All applicants for medical assistance from the Melam foundation are met and interviewed before disbursement of any assistance. He personally meets each patient/relative, however large the turnout is. He also provides food on those days to the patients and their relatives.

It is a wholly private activity with no Government funds or public funds or involvement. 48 MP's (both Lok Sabha and Rajya Sabha) from the State of Kerala, 138 MLA's out of 140 from the Kerala Legislative Assembly, and from the border district of Tamil Nadu and Karnataka, and around 18,000 Councilors/Panchayath members in Kerala have already participated in the selection process.

Kurian John Melamparambil's work has resulted in establishing a network of more than 1025 hospitals across the state for providing specialized treatment to the sponsored patients within a 30 days credit period for reimbursement from him.

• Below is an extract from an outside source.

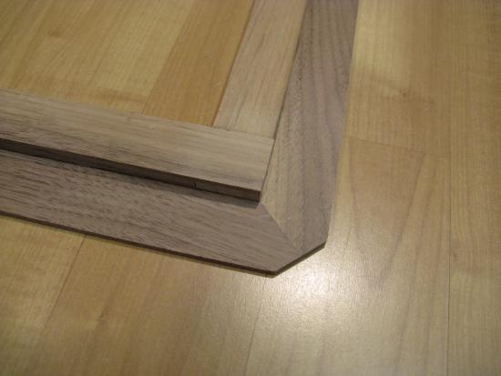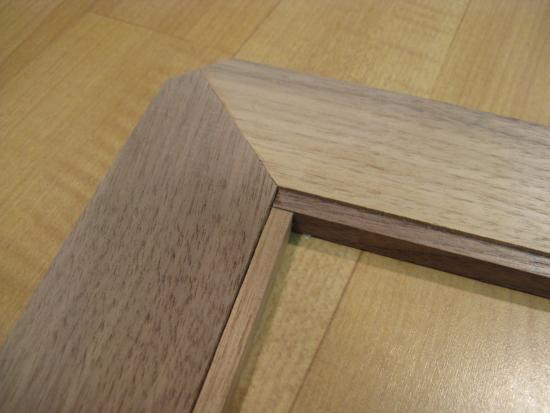 To the right is the frame with the tile support ledge added. The main frame was milled down on its outside edge from the bottom side so its height matched the thickness of two tiles, and then a thin support frame was attached. Below are close-ups showing how it went together.

==Awards and recognitions==

Kurian John Melamparambil has been honoured with several awards and recognitions during his career.

- Padma Shri – 2010
- Outstanding Entrepreneur of the Year 1997 – the Ministry of Commerce and Industry, Government of India.
- Times of India Excellence in Business Award – Times of India Group – 2009
- Outstanding National award in Exports – the Ministry of Commerce and Industry, Government of India – 1993–94, 1994–95, 1995–96 and 1996–97
- Baroda Sun Lifetime Achievement National Award -2015 (Cash award of Rs. 5 lakhs) for excellence in Social Service from Bank of Baroda.
- For the Sake of Honor Award – the Rotary Club International – 2011
- Personality Brand of Kerala Award 2019 instituted by Samrambham Business Magazine
- Bright Star Recognition Award 2020 from Kidney Warriors Foundation and Kerala Kidney Foundation
- Dr. B. R. Ambedkar Healthcare Excellence Award 2020, Karnataka for the outstanding service in the field of Healthcare
- Award of Excellence 2020 from Global Kidney Foundation, UK for dedicated service to poor patients
- Goldstar Millennium Award – Global Economic Council, New Delhi
- Rashtriya Ratan Award – 1999
- Outstanding Entrepreneur of the Year – 1998 – Berchmans Institute of Management Studies, M G University, Kottayam, Kerala
- Gold Star Award – The Institute of Economic Studies, New Delhi – 1994
- Bharat Vikas Excellence Award – the Council for National Development, New Delhi – 1997
- Niryat Ratan Award – Indian Council for Small and Medium Exporters, New Delhi – 1994
- Udyog Ratna Award – the Institute of Economic Studies, New Delhi.
- International Gold Star Award – Business Initiative Directions, Spain – 2007 a vanity award
- Vocational Excellence Award – Rotary Club, Alappuzha – 2007
- Humanitarian Millennium Award – International YMCA – South West Region
- Excellence Award – Lions Club International – 2003 and 2004
- Sree Gokulam Excellence Award – 2003
- Outstanding Social Worker Award – Sri Sankaracharya Educational Trust, Kaladi, Kerala
- Janaseva Deshiya Puraskaram – Mahatma Gandhi International Charities Trust, Kerala – 2003
- JCI Award – Indian Junior Chamber- 1994
- Athuraseva Ratnam Award – Gandhibhavan International Trust – 2008
- Adv. Mammen Mathai MLA Award – Merchant's Association, Kochi – 2009
- Rhema Foundation International Award – Rhema Foundation International – 2010
- Karmakeerthi Puraskaram – Kalanidhi Centre for Arts, Culture and Research, Trivandrum – 2012
- Voice of Gulf Returnees Excellence Award – 2012
- Best Citizens of India Award – the Best Citizens of India, New Delhi – 1998
- Cherian Palathara Award- 2011 from Cherian Palathra Foundation for outstanding Entrepreneurship and Corporate Social Responsibility.
- CSR Award 2012 - from Bharata Mata Institute of Management "Xlencia 12" for the exemplary performance in the field of social work through business
- Business Excellence Award -2015 for consistent C.S.R initiative from D.C. Media, D.C. Books.
- Georgian Award 2016 from St. George Orthodox Cathedral, Pandalam for outstanding social work.

==Published works==
Melamparambil has published a few memoirs, which narrates his life through business, spirituality, and charity.

- Kurian John Melamparambil (2005). "Melam Ente Jeevante Thalam"

- "Yesu ente vazhikatti", spiritual memoirs of Kurian John Melamparambil.
- "Zero to Zenith" - Start-Up story published by Penguin Random House 2017.